See the speech below.

”We may have lost our bearing as a nation with the discovery of petroleum in the 50s. A false sense of national wealth has turned us into a nation of frolickers and hustlers, who are fighting one another for a greater share of the proverbial national cake, and spending it extravagantly, rather than leveraging the God given windfall to build a stable, diversified, and more prosperous nation.

“As the volume of production and market value of petroleum have fallen, that is, as the national cake has shrunk in size, the competition and struggle for a stake in that cake has become more intense.

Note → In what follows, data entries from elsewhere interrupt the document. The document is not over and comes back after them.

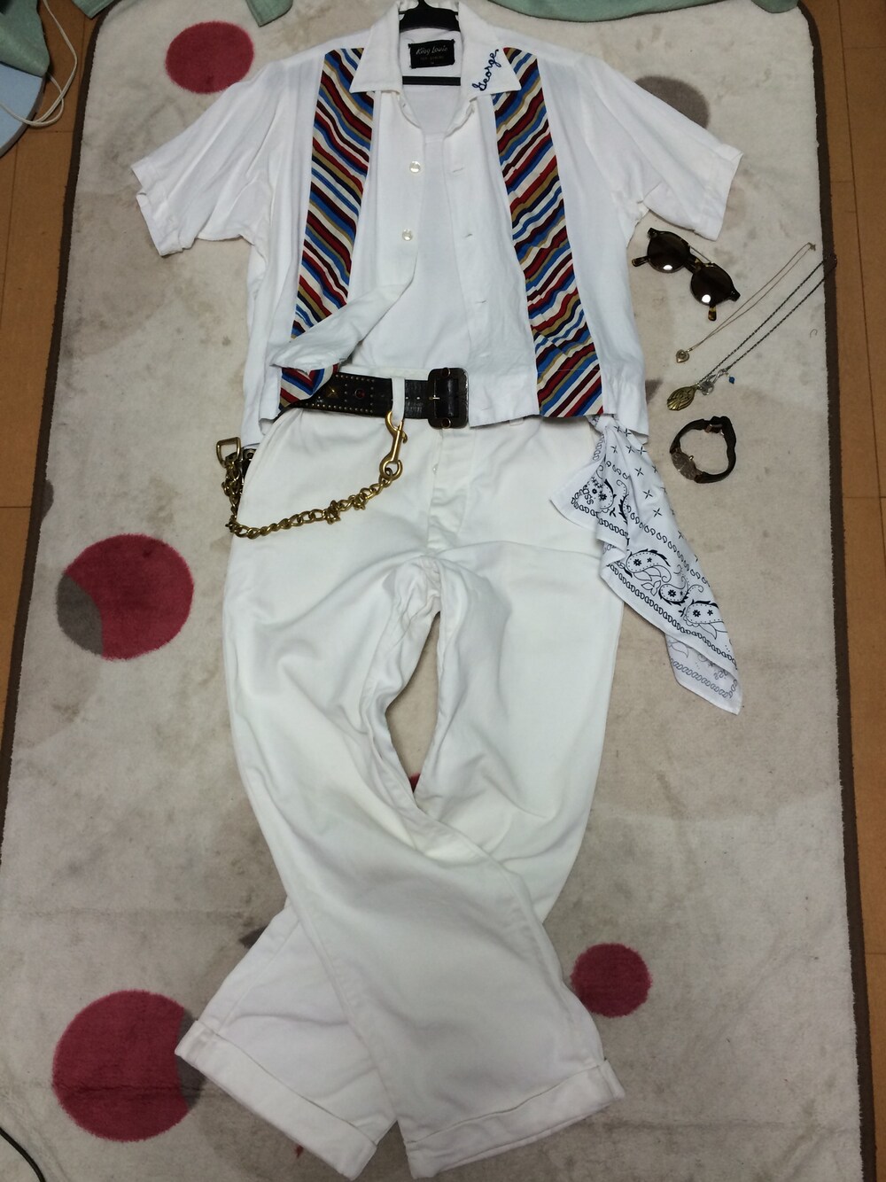ボーリングシャツ→Vintage 60's タンクトップ→UNIQLO ピケパンツ→Vintage 40's バンダナ→FUCT 白!
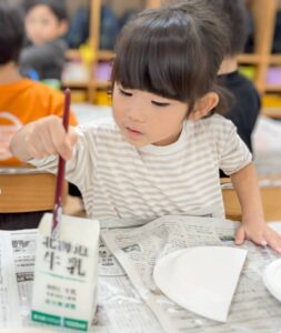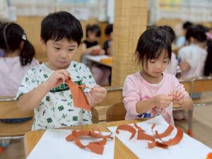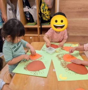 出来上がるとお友だち同士で見せ合ったり、褒めたりする姿も見られました‼️
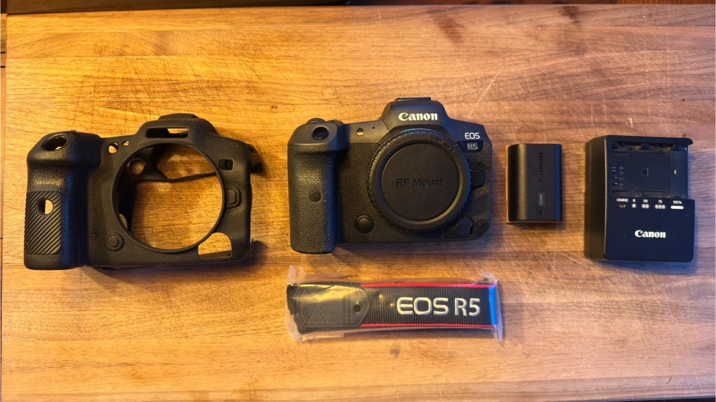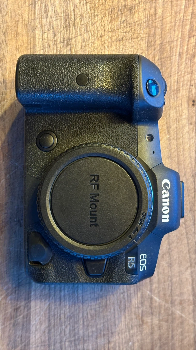 Selling a Canon EOS R5 camera body. It's in great condition and ready for its next adventure! The camera features an RF mount. Like new condition, protected in silicon housing from day one with tempered glass protectors. Comes with original box, battery, strap and instructions

“Thus, today, there is tension everywhere – Niger Delta, Boko Haram , MASSOB, industrial strikes, armed robbery, kidnapping, ethnic rivalries, tension between and within the political parties, etc. The sum total is that, our national mindset, particularly amongst the upper and middle classes, which includes most of us in this audience, has been focused on the consumption, rather than the creation, of our national wealth.

“We spend unbelievable amounts importing petrol and subsidizing its retail price whilst our three refineries with adequate capacity to meet our national requirement are literarily moribund, despite huge sums spent on endless turn around maintenances; smaller and less endowed countries successfully operate their own refineries optimally and do not suffer scarcity.

“Nigeria is probably the largest importer of electric generators in the world despite our endowment with natural sources of energy, such as petroleum, coal, hydro and solar energies, and the huge sums spent by successive governments on the power sector. On the other hand, a smaller country, Ghana, takes gas from Nigeria and generates most of its electricity requirements.

“Our food import bill, spent mostly on rice and wheat, is about $22 billion annually, yet our country is blessed with vast arable land and a large population of young jobless people that can be usefully deployed to agriculture.

“Road construction in Nigeria is more expensive than most parts of the world, yet our roads are breaking down faster than we build them because the traditional mode for heavy haulage, namely, railways, pipelines and waterways, are comatose; a trailer load of petrol from Mosimi to Maiduguri causes more damage to our roads than the value of the product being transported.

“A majority of our state governments have recently taken the so-called “bailout loans” for recurrent expenditure, meaning that future generations are being inflicted with the burden of the profligacy of the current generation.”